Elsewhere in the audience, other interviews were winding down when Riker walked out onstage. “I can’t find Bugsy. Who cut him loose?”

A detective got up from his seat in the audience. Lonahan was remarkable for dogged persistence, hairy knuckles and a loud voice. He stood near the back row, yet he had no need to shout. “I finished the guy’s statement, but I didn’t say he could leave.”

Riker’s eyes fixed on the critic in the front row. He must have read guilt on Leonard Crippen’s face. He walked to the edge of the stage and hunkered down to stare at the man. “Tell me where Bugsy is.” Unspoken were the words,
or I’ll shoot you.

The critic heaved a sigh of
I give up
and said, “You’ll find him in Times Square. He’d want to get a jump on the theater crowd tonight. It takes a while to teach homeless people to tap-dance.”

•   •   •

“Bugsy has something of a cult following.” In the company of two detectives, Leonard Crippen descended the stairs to the sallow lighting of the subway. “He’ll only perform one scene this time. If you want to see the whole play, you have to catch his act in a different place every night.”

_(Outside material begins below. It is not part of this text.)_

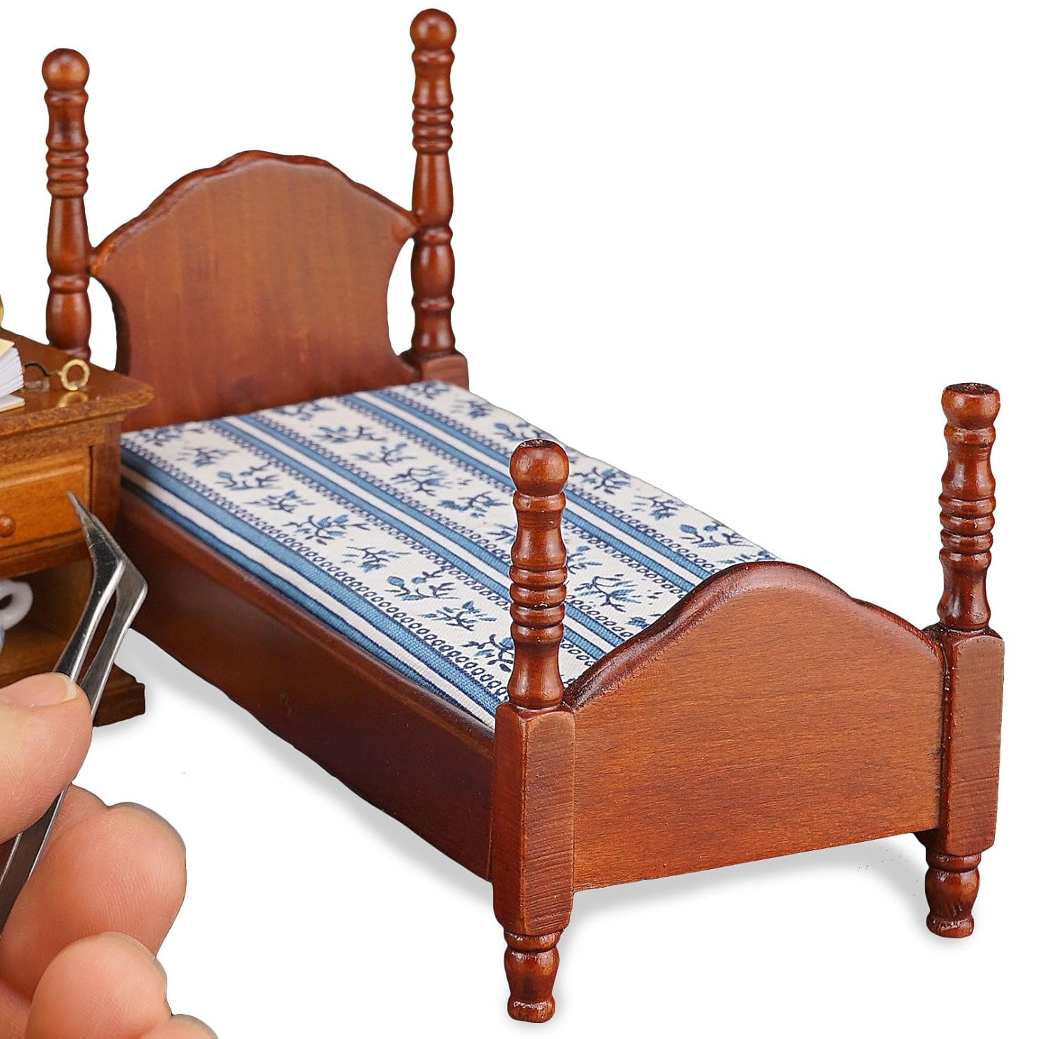 これはミニチュアです。 購入前にサイズをご確認ください。 【注意!必ずお読みください】ロイターポーセリン商品は手作り部分が多いため、細部が写真と異なる場合がございます(例:色、柄、形状、素材、配置等)。気になるお客様は事前にお問い合わせください。 ドイツロイター社製の子供用ベッドのミニチュアです。木製です。こちらはマットレスと同柄の掛布団と、まくらになる部分が付属しています。掛け布団と言っても、まあ簡単なものですが…。ハイジオットの少女ドールにサイズがピッタリで、ちょっとワクワクしました!珍しい家具ですので、ドールハウスの子供部屋や屋根裏部屋にいかがでしょうか?写真では茶色ですが、実物はもっと渋い、マホガニーに近いお色です。ベッドのサイズ:W70xD146xH95mm。スケールは1/12です。下写真はナイトテーブルと合わせて置いたところです。※ナイトテーブルは別売りになります。

Mallory waved her badge at the clerk in the token booth, and the turnstile opened for them. “He always does his act around Times Square?”

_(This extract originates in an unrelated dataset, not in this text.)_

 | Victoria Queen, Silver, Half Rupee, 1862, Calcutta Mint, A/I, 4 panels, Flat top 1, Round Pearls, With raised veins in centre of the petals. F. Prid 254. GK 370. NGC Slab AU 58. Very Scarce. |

“Yes, and always underground,” said the critic. “Better acoustics.”

The three of them moved across the wide space of crisscrossing shift workers, partiers and tourists, all bound for platforms or exits. Through the soles of Riker’s shoes, he could feel the rumble in the tunnels as trains pulled in and departed. And now he could hear a high-pitched screech as they came within sight of train brakes sparking off rails.

Crippen led the way down the platform. “After each performance, Bugsy tells his audience where the next scene will be. If they miss a night, they can find his location on a fan’s webpage. Personally, I don’t own a computer, can’t abide them. I have an office boy keep track of him. And that’s how I know he’s—” The critic pointed to a cluster of people near one tiled wall. “
There
. Follow me.” Crippen walked over to a long wooden bench that held the standing overflow of the audience, and some of these people gave him smiles of recognition as they made room for him. With a creak of old knees, he climbed up to join them.

Riker flashed his badge to make room for two more. Standing on the bench, the detectives could see over the heads of the gathering to the open space where the gopher stood in front of three ragged people, who smiled with less than full sets of teeth, and Bugsy spoke his line, “I’m so tired. I can’t.”